──────── Records to process

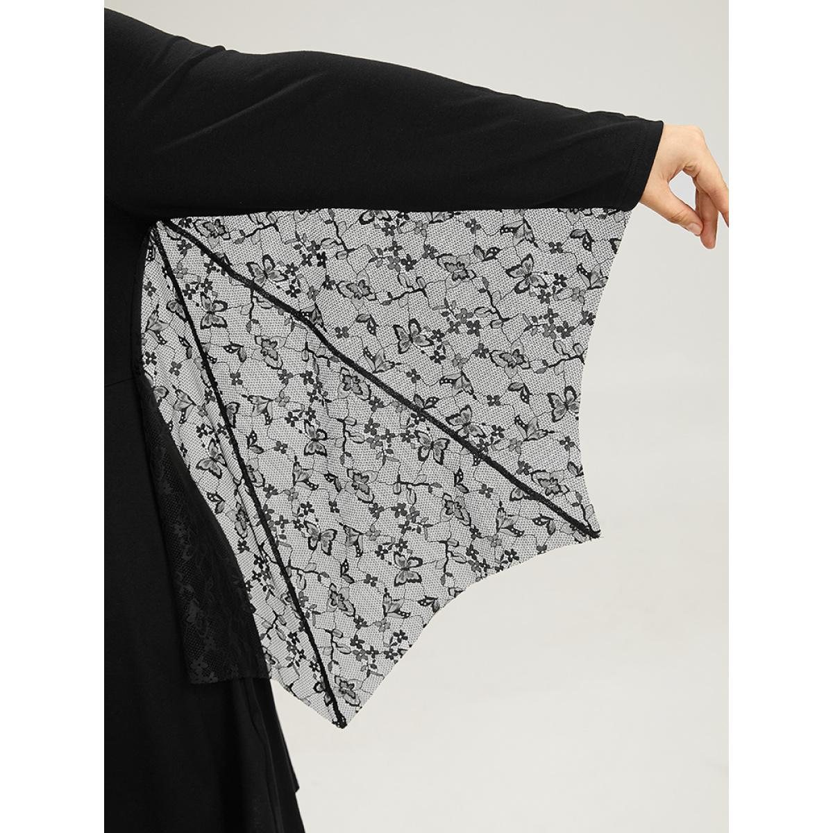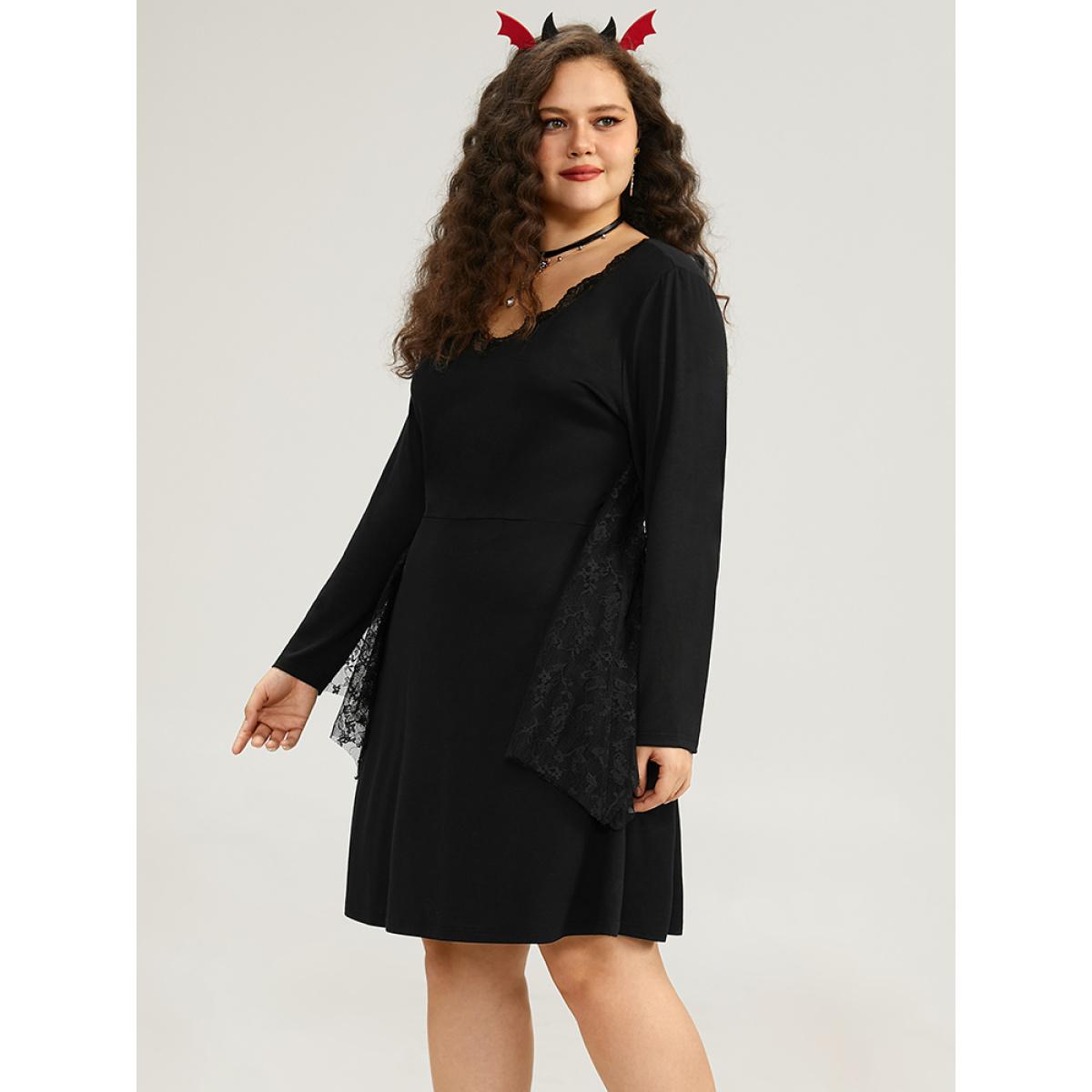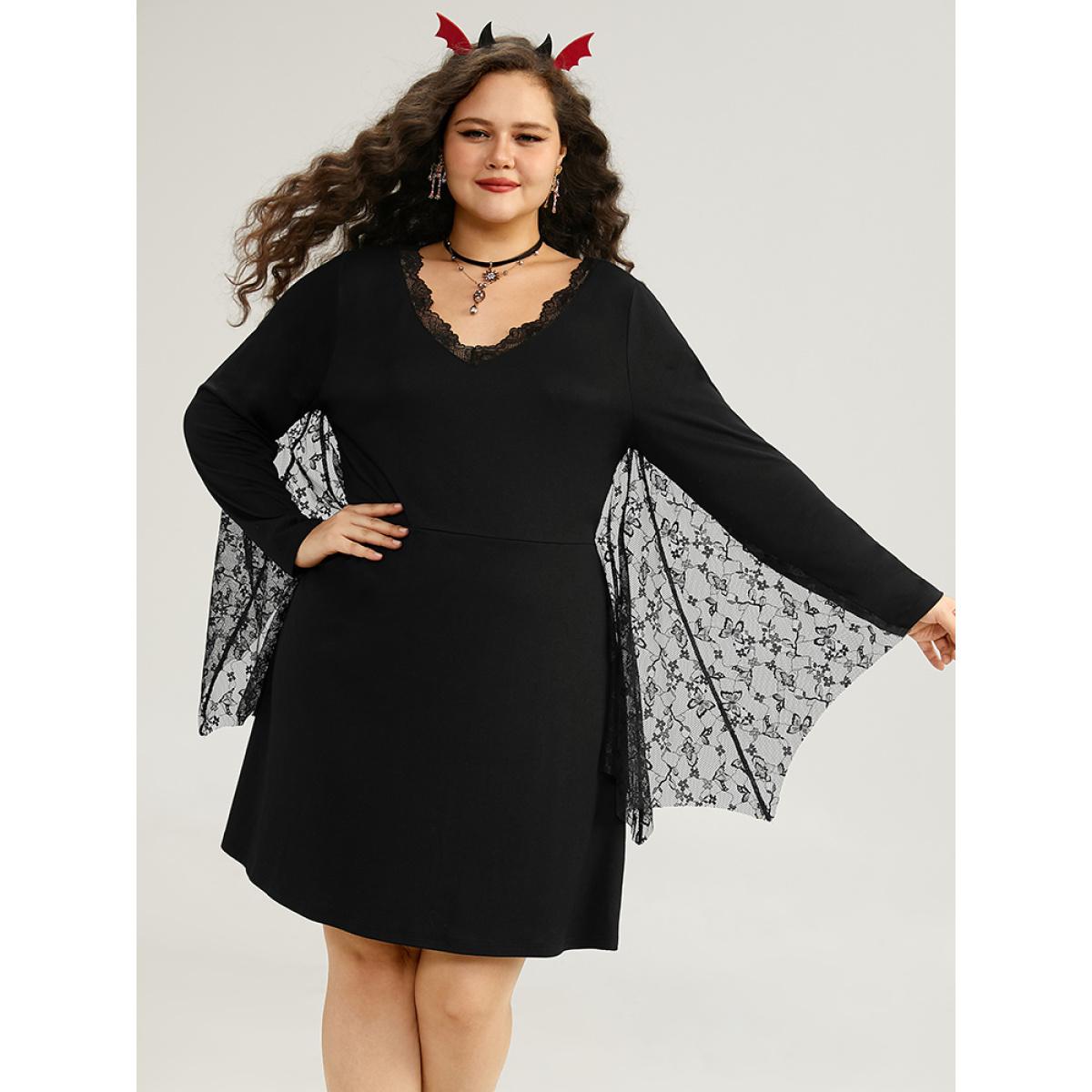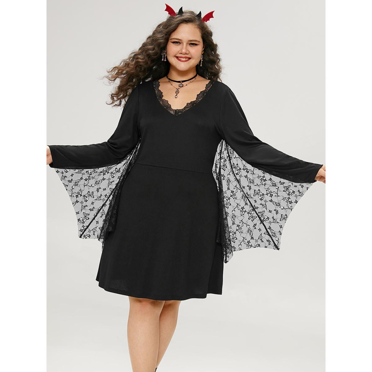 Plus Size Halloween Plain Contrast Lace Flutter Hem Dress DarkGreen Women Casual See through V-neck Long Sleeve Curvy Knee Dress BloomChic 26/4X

────────────────
──────── Records to process

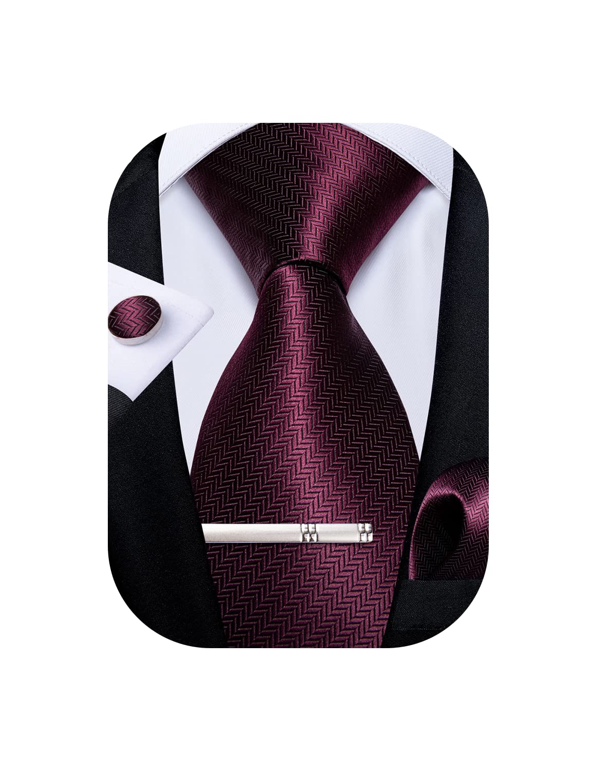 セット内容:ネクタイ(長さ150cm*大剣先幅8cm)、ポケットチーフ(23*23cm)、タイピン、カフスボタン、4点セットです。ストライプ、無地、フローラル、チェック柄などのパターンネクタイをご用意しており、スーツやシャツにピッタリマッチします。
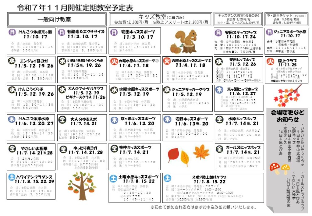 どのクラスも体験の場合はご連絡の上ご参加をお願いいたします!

────────────────

## What is being asked
What is wanted is an exact copy of the lines above from the one containing "セット内容:ネクタイ(長さ1" through the one containing "どのクラスも体験の場合はご連絡の上ご参加をお願いいたします!", with no pictures in it.

## Task response
 セット内容:ネクタイ(長さ150cm*大剣先幅8cm)、ポケットチーフ(23*23cm)、タイピン、カフスボタン、4点セットです。ストライプ、無地、フローラル、チェック柄などのパターンネクタイをご用意しており、スーツやシャツにピッタリマッチします。
 どのクラスも体験の場合はご連絡の上ご参加をお願いいたします!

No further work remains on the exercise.